PROBLEM STATEMENT :: Skip pictures in the listing below; copy exactly the lines from the one with "Lanz of Salzburg" through the one with "DIGSLED Светодиодная лента", inclusive.

DATA PROVIDED ::
* * * * * * * * *

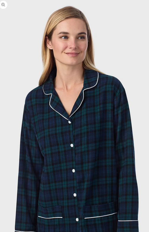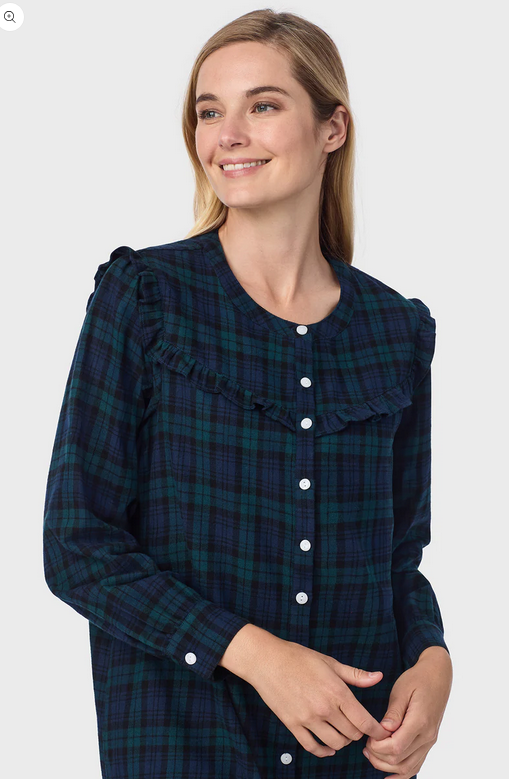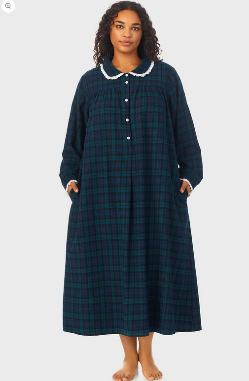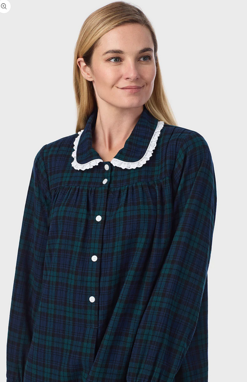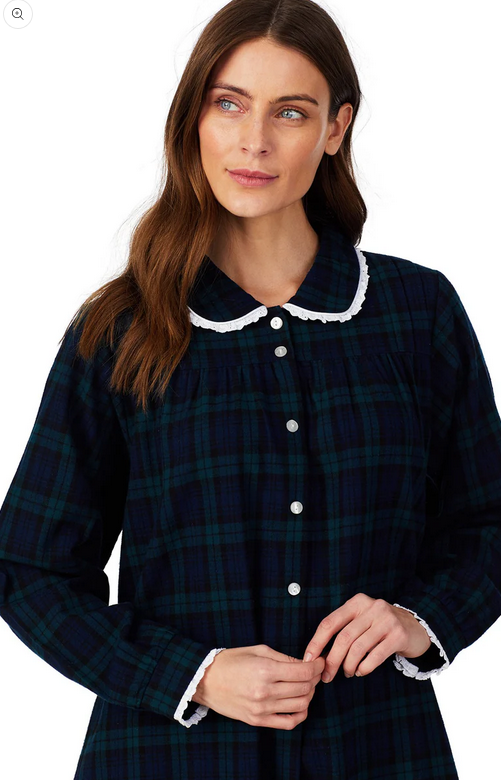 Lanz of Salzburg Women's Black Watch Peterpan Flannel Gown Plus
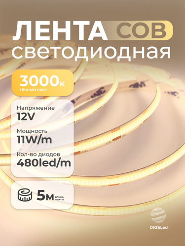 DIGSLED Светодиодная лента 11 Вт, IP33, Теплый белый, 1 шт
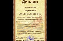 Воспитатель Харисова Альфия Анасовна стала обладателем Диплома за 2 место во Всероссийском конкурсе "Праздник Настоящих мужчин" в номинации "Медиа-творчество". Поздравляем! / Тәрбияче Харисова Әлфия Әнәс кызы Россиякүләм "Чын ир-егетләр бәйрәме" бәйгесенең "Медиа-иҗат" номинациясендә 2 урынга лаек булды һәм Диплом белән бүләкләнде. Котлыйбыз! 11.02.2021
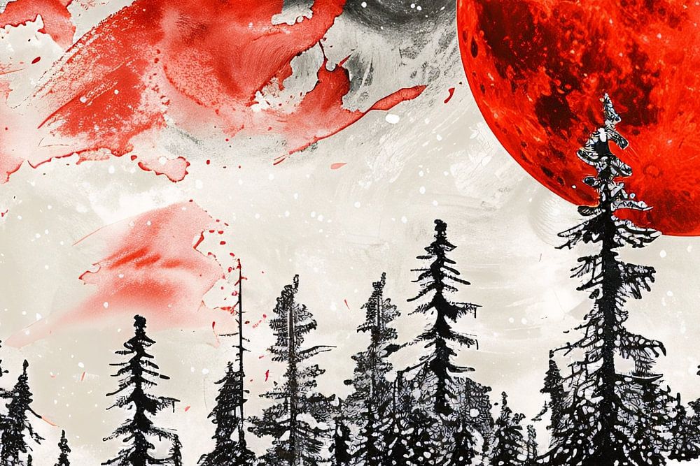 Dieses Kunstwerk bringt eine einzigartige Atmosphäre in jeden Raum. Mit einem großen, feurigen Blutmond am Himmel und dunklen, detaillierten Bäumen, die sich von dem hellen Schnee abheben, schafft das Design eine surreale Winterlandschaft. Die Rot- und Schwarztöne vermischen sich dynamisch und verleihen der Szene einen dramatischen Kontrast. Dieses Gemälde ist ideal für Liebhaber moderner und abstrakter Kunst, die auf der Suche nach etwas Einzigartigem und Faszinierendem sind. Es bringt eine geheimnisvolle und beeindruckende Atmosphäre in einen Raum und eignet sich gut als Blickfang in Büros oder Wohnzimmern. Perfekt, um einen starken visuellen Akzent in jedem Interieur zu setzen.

* * * * * * * * *

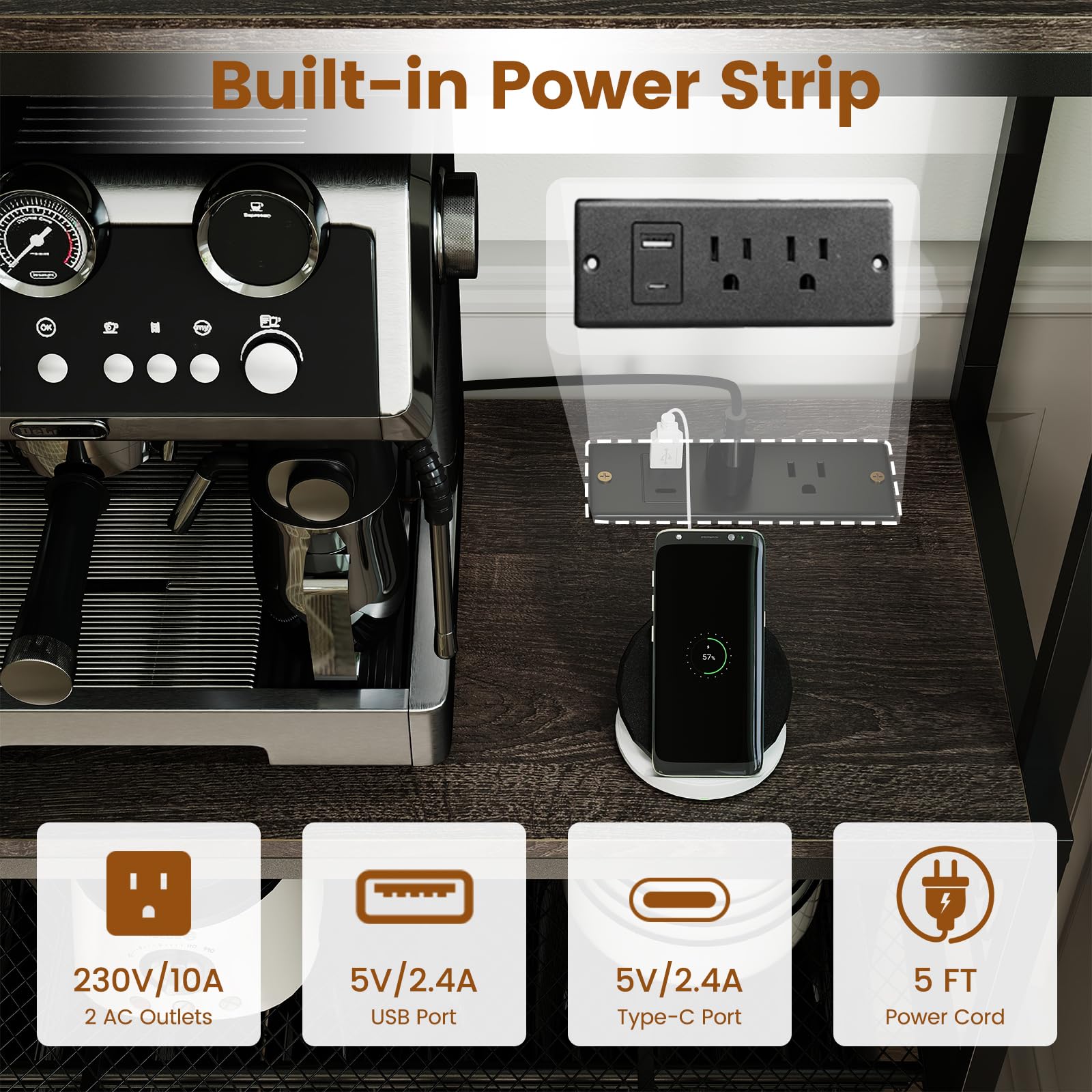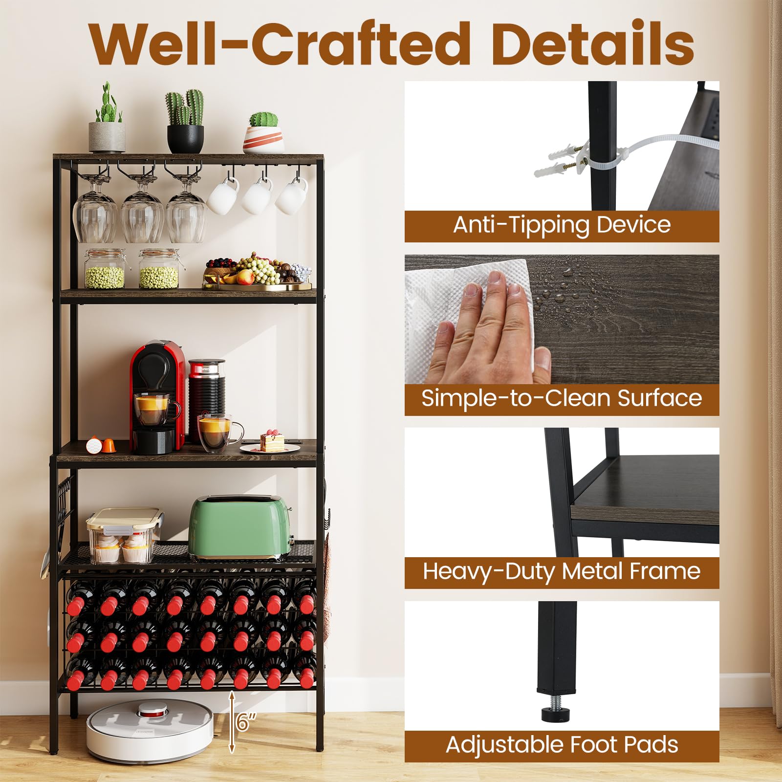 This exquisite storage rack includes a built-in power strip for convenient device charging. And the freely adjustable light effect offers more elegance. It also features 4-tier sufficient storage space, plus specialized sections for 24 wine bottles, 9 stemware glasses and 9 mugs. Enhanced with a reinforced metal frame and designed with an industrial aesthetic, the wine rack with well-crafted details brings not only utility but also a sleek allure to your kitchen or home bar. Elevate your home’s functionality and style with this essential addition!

* * * * * * * * *

RESPONSE ::
 Lanz of Salzburg Women's Black Watch Peterpan Flannel Gown Plus
 DIGSLED Светодиодная лента 11 Вт, IP33, Теплый белый, 1 шт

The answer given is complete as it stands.